CPTPP necessitates widespread reassessment of competitive intelligence efforts
By Liam B. Twomey
January 26, 2019
The Comprehensive and Progressive Agreement for Trans-Pacific Partnership (CPTPP) entered into force on December 30, 2018 after years of ongoing negotiations. This agreement permits free trade between Canada and the following countries: Australia, Brunei, Chile, Japan, Malaysia, Mexico, New Zealand, Peru, Singapore and Vietnam. While low tariffs do remain on some goods, this substantial agreement liberalizes trade for most products and services. Federal bodies, trade publications and Canadian media have been quick to extol the benefits of exportation. The hashtag #timetodiversify was generated to promote the enhanced capabilities of Canadian firms to reach international markets. Most of the language from Canadian sources is positive and export-focused. Content on the impact of imports affecting Canadian businesses is noticeably sparse.
Wide-spread imports always pose a potential challenge to companies. Some industry-based interest groups have forecasted job and profit losses in their respective fields as a result of the partnership. United Steelworkers and the Canadian Vehicle Manufacturers’ Association have been vocal in their opposition to the CPTPP. An influx of new entrants will necessitate the need for all companies reevaluate the competitive landscape in which they operate. Larger firms can anticipate and adjust for these changes but small to medium enterprises may bear an unexpected shock. If competitive intelligence is done in-house, it is often under purview of the marketing department. Undoubtedly, those employed in this department should be vigilant to the shifting economic terrain. Companies such as M-Brain that provide market research and competitive intelligence services will likely grow in demand. Businesses may not be directly impacted by new rivals but the availability of cheaper input materials may result in a lower cost of production for their competitors. Vendor research should be a priority for companies in the upcoming months.

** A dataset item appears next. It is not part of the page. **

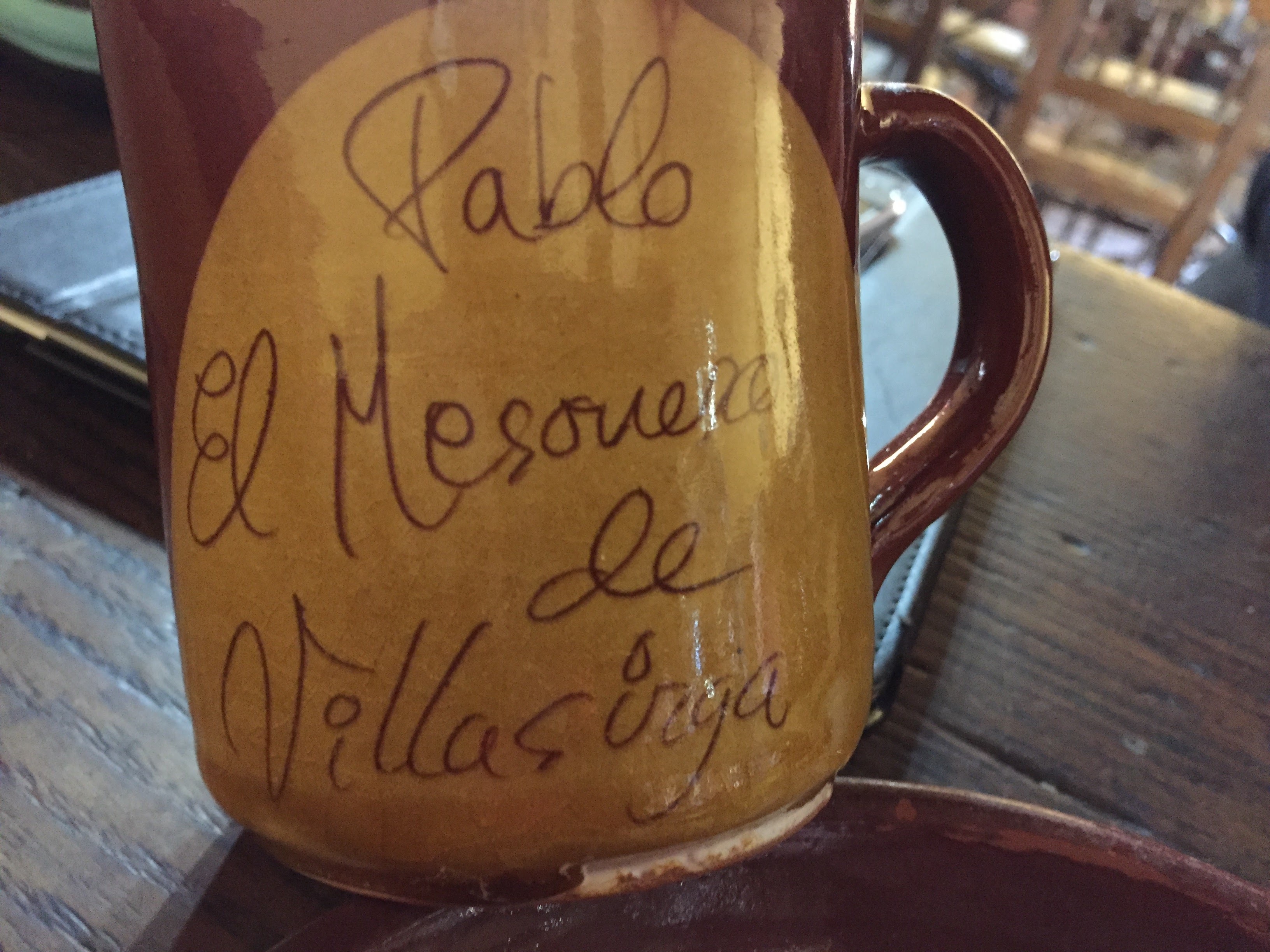 Calculado todo ello, llegamos a Villalcazar a la hora de la comida, sobre las 2 de la tarde. Aquello estaba prácticamente vacío y en el restaurante de Pablo el Mesonero solo había un par de personas comiendo, aunque luego gtras nuestra llegada se incorporó un grupo de otras 6 ó 7 personas. Alli nos sirvieron los productos característicos: Morcilla, Lechazo y de postre Leche Frita, y regado con un vino de la casa. En conjunto, una comida excelente, cumpliendo asi yo mi capricho de rememorar ese lugar, ya que cada vez que he tenido ocasión de viajar por la autovía del Camino de Santiago y pasar cerca de Villasirga me

Despite the potential effect imports can have on domestic business, most experts praise the CPTPP as being a net positive for Canada. Moreover, the changes will be gradual and not drastic. Canada did have free trade agreements between some of the CPTPP countries prior to the agreement. Regardless, all Canadian companies will need to renew their competitive intelligence metrics. Domestic firms should use all means available to collect information on new entrants to their industry. With enough creativity, companies may even be able to pivot a threat to their customer base into a profitable opportunity.